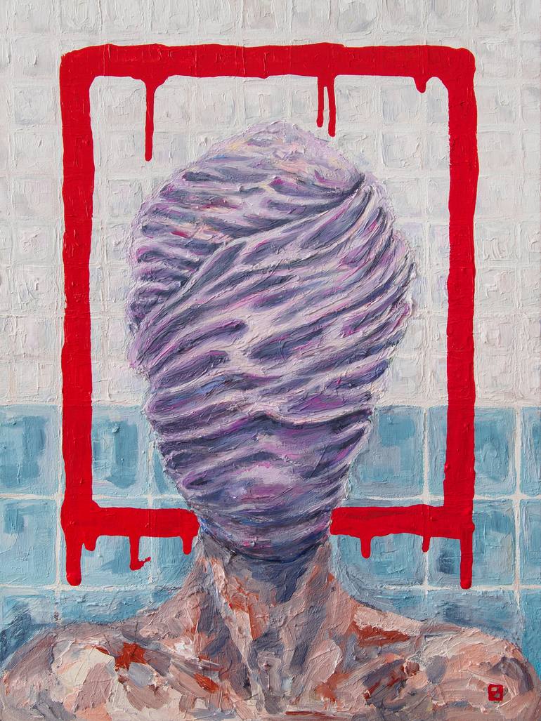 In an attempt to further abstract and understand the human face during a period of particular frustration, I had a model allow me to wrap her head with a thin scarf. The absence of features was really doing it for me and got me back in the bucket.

******************************

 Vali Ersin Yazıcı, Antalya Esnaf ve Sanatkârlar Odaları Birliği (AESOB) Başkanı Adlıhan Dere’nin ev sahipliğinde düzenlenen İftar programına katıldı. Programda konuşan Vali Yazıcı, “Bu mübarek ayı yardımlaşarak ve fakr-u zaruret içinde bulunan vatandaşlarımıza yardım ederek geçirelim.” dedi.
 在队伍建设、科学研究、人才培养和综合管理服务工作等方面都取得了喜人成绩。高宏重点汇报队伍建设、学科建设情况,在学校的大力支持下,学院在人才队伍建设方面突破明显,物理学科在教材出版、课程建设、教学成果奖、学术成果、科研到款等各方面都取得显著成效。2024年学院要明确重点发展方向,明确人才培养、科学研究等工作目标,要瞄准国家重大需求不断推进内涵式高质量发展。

******************************

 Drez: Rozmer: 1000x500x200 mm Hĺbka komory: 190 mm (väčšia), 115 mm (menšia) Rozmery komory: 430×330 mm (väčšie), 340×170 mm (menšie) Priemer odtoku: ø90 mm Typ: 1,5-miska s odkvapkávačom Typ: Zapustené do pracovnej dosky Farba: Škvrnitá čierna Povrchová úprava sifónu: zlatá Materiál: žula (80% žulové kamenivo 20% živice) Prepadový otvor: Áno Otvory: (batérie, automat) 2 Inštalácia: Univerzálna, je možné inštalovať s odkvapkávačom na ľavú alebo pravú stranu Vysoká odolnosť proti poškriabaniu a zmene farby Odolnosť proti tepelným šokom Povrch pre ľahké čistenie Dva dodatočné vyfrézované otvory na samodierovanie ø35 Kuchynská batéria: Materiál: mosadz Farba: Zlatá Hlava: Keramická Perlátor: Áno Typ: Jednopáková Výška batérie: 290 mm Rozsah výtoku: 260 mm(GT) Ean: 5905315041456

******************************

■ What you need to do
Start with the line above that contains "Vali Ersin Yazıcı, Antalya" and end with the line that contains "在队伍建设、科学研究、人才培". Write out those lines exactly, and only those.

■ Solution to this exercise
 Vali Ersin Yazıcı, Antalya Esnaf ve Sanatkârlar Odaları Birliği (AESOB) Başkanı Adlıhan Dere’nin ev sahipliğinde düzenlenen İftar programına katıldı. Programda konuşan Vali Yazıcı, “Bu mübarek ayı yardımlaşarak ve fakr-u zaruret içinde bulunan vatandaşlarımıza yardım ederek geçirelim.” dedi.
 在队伍建设、科学研究、人才培养和综合管理服务工作等方面都取得了喜人成绩。高宏重点汇报队伍建设、学科建设情况,在学校的大力支持下,学院在人才队伍建设方面突破明显,物理学科在教材出版、课程建设、教学成果奖、学术成果、科研到款等各方面都取得显著成效。2024年学院要明确重点发展方向,明确人才培养、科学研究等工作目标,要瞄准国家重大需求不断推进内涵式高质量发展。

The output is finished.